La designación, según la organización, envía un “muy dañino mensaje” de consolidación de una estructura de mando involucrada en persecuciones políticas
Gustavo González López, nuevo ministro de defensa. Foto: Archivo
La ONG Justicia, Encuentro y Perdón (JEPVzla) manifestó preocupación ante la designación del general en jefe Gustavo González López como ministro de Defensa, anunciada este miércoles por la presidenta encargada, Delcy Rodríguez.
A través de su red social X, la organización advirtió que resulta alarmante que la titularidad del Ministerio de la Defensa quede en manos de un funcionario “señalado por su presunta participación en violaciones a los derechos humanos, sin que siquiera se hayan iniciado investigaciones genuinas y transparentes que esclarezcan tales señalamientos”.
Consideró que la designación envía “un muy dañino mensaje de consolidación de una estructura de mando involucrada en la persecución por razones políticas en Venezuela”.
De acuerdo con JEPVzla, esos señalamientos han sido documentados por la Misión de Determinación de Hechos de la ONU, que ha identificado al funcionario como presunto responsable de detenciones arbitrarias, torturas y actos de violencia sexual.

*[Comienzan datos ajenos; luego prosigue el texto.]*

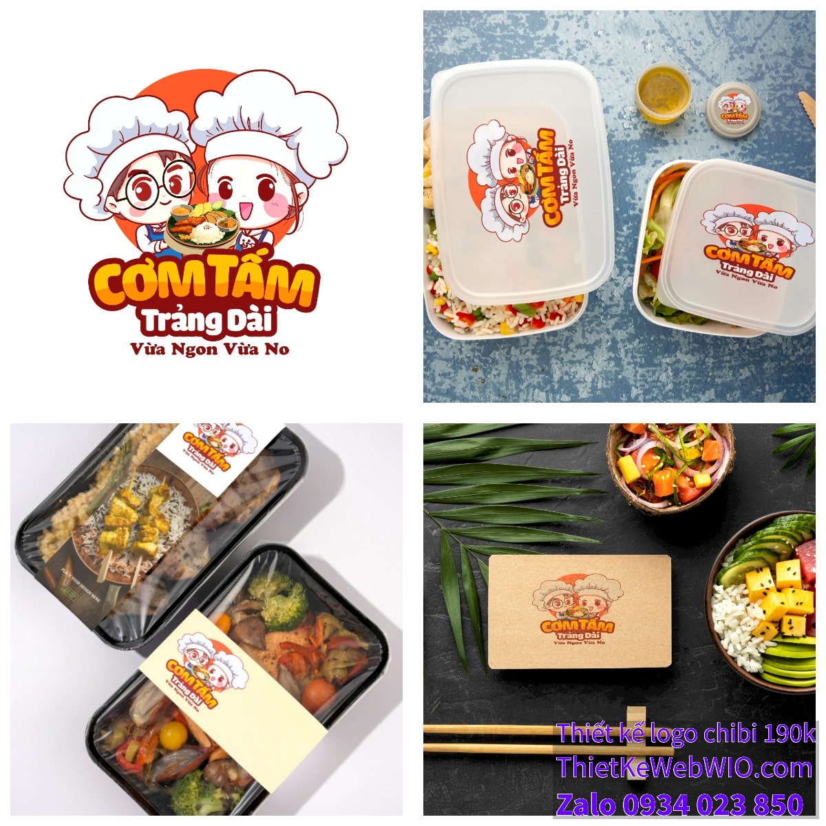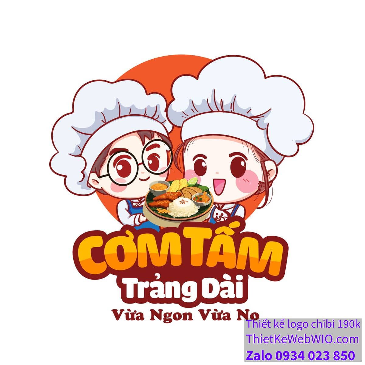 - Tên quán “Cơm Tấm Tràng Dài” được viết bằng phông chữ lớn, dễ đọc, với màu sắc tươi sáng và bắt mắt. Dòng khẩu hiệu “Vừa Ngon Vừa No” nằm phía dưới, hoàn thiện thông điệp mà logo muốn truyền tải.

Subrayó que su nombramiento “profundiza la revictimización de quienes han padecido estos abusos”, al tiempo que podría interpretarse como un reforzamiento de prácticas violatorias de derechos humanos dentro de la cadena de mando.
La declaración ocurre tras confirmarse que González López asumió el cargo de ministro de Defensa este miércoles, en sustitución del general Vladimir Padrino López.
La organización señaló que en un contexto en el que se insiste en la superación de la crisis estructural del país y en la necesidad de avanzar hacia la reconciliación y la pacificación, los anuncios oficiales deben estar acompañados de acciones que permitan avanzar hacia la justicia.
JEPVzla reiteró que “es la justicia el único camino real hacia la paz”, y advirtió que cualquier intento de blindar a presuntos responsables de violaciones de derechos humanos mediante el acceso a posiciones de poder solo profundiza la deuda histórica con las víctimas y con la sociedad venezolana en su conjunto.